Why we picked these values
Section titled “Why we picked these values”The wider spread constant came out of running early club data: with C=400 ratings clustered tightly around the middle, because most games at a club night are between players within ~100 points of each other, and the curve was too aggressive for those small gaps. C=2200 lets the ladder fan out over a season without making every game an upset.
The decaying K factor came from wanting new players to settle quickly without making a single result life-changing for an established player. The 30 floor (rather than locking K at zero) means a settled rating still drifts in response to genuine form changes over time.

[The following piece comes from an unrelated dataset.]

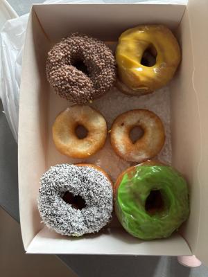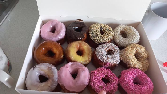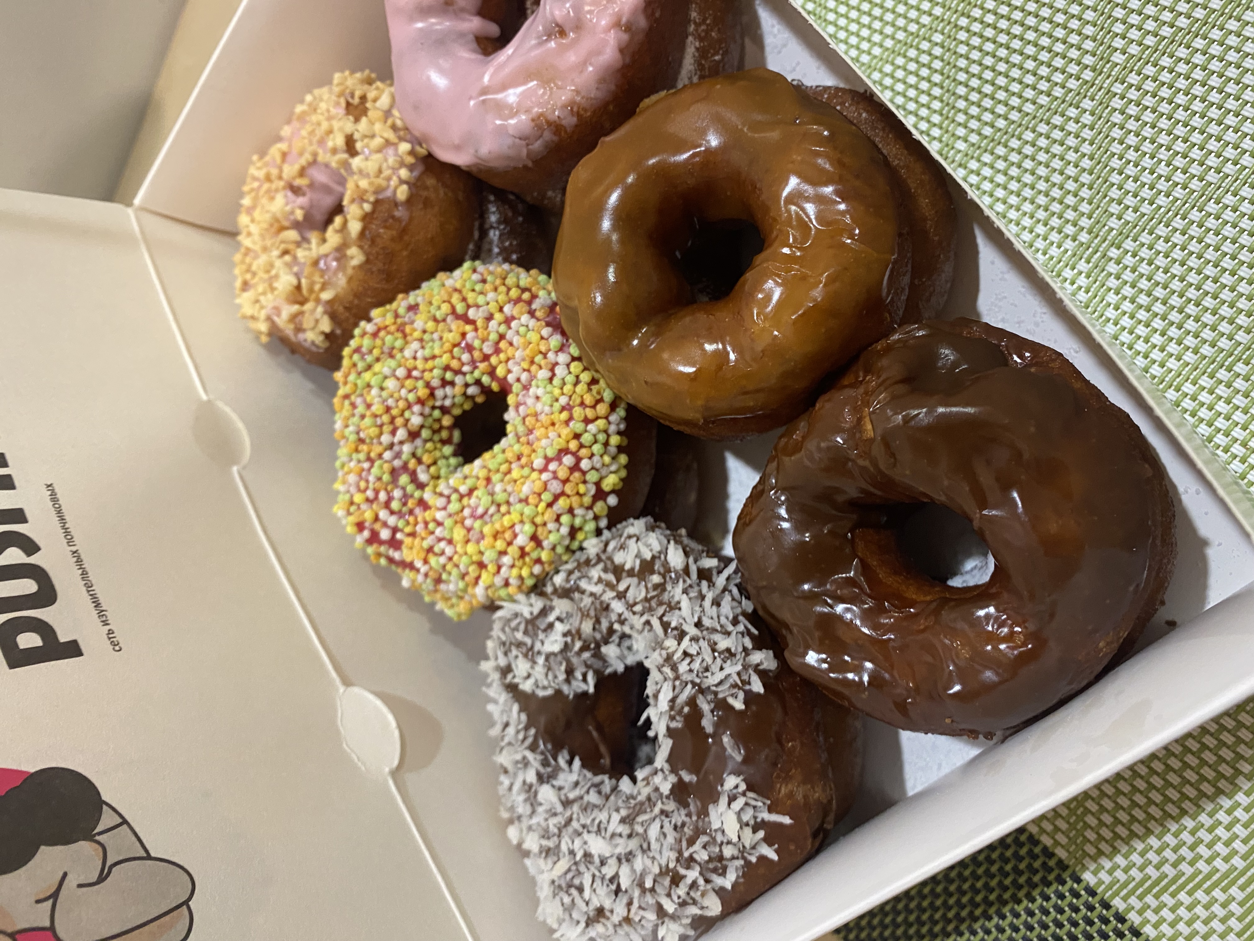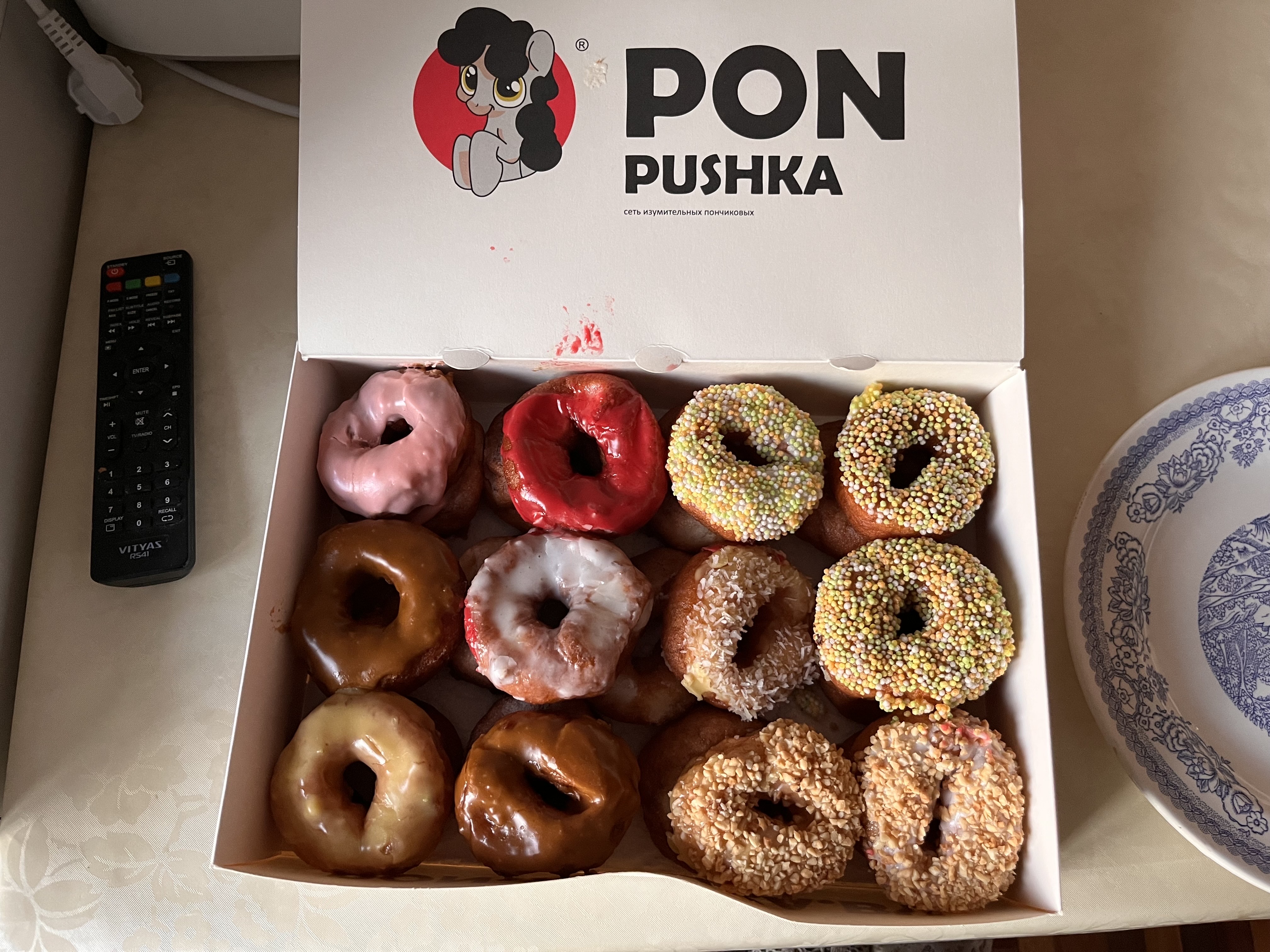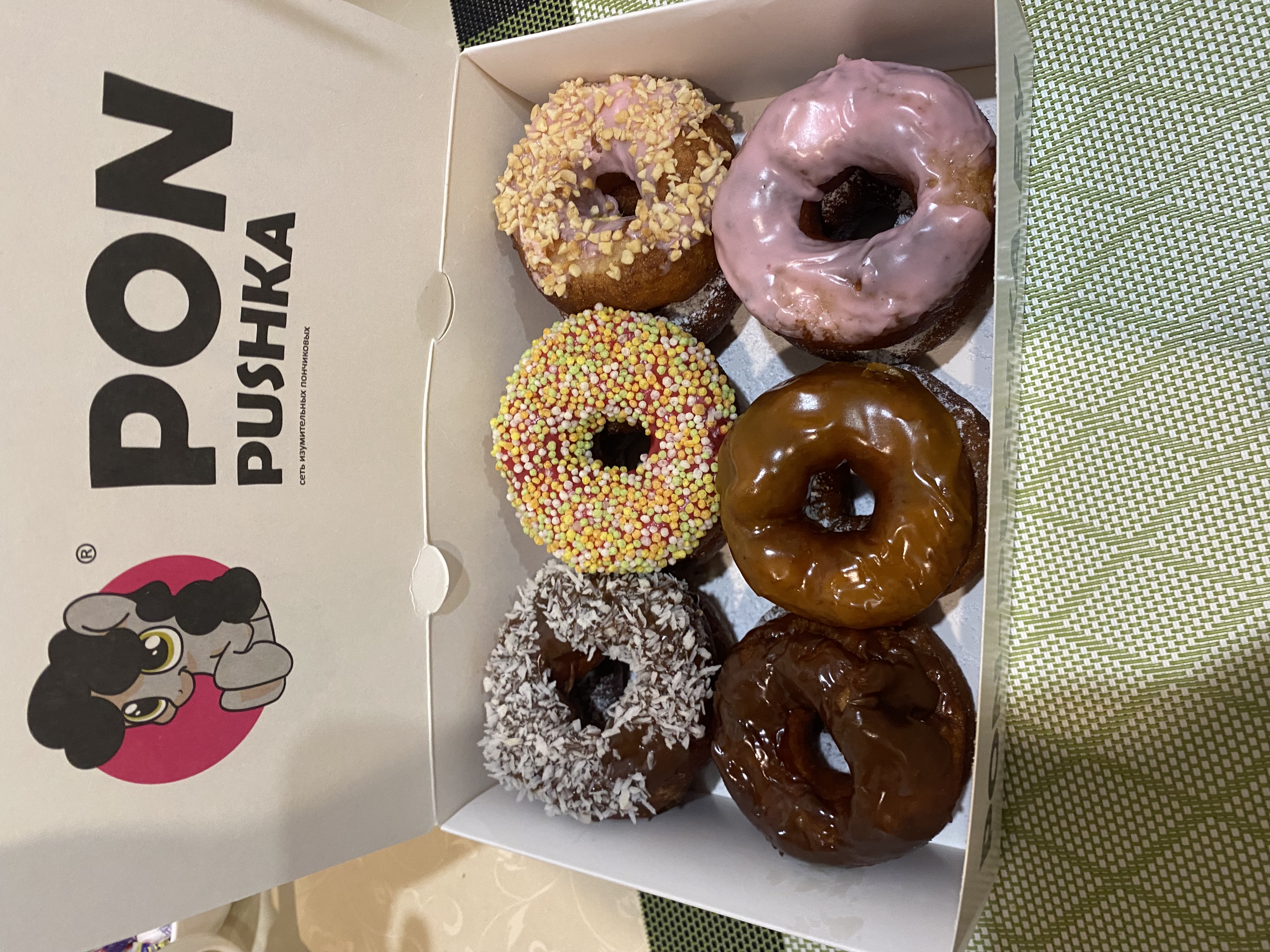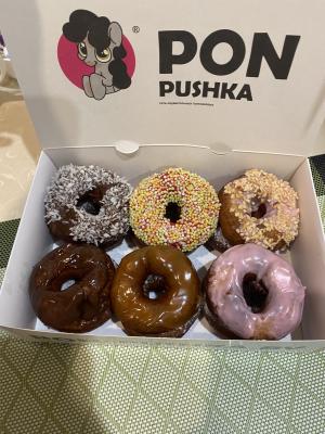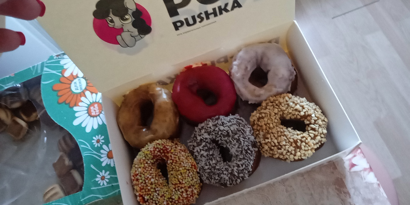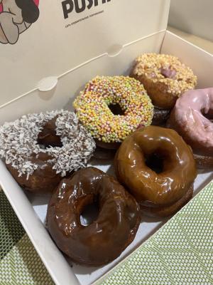 *Вкусы глазури и посыпки на пончиках в боксе выбираются случайным образом исходя из наличия в момент формирования заказа.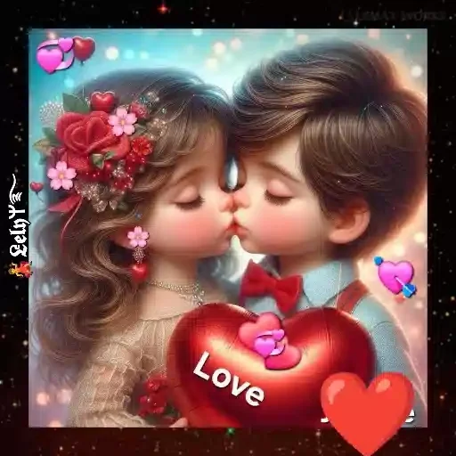 Um casal de crianças se beijando, com um coração vermelho gigante que diz 'Love' e vários corações decorativos ao redor. A menina tem uma flor na cabeça.

The score-ratio actual-share matches the operator intuition that “we only just won” should be different from “we hammered them”. Binary win/loss Elo treats those as identical, which felt wrong.
Notes and limits
Section titled “Notes and limits”- No per-player contribution weighting within a doubles game. The system does not know who hit the winning shot, so both teammates get the same share-of-team-result. Each player’s actual point change is then scaled by their own K factor, so mixed-K pairings (a new player with a settled one) see different point amounts. Over many games, players who consistently outperform their pairings drift up; players who consistently underperform drift down.
- A new player starts at 1500. If you set a different starting rating during member import or on the Members form, that overrides the 1500 default.
- Tied games are rejected: at least one team must score more than the other. A draw cannot update the formula meaningfully under this model, so the system will not accept the result.
- Games with both teams scoring zero are rejected for the same reason (the score-ratio is undefined).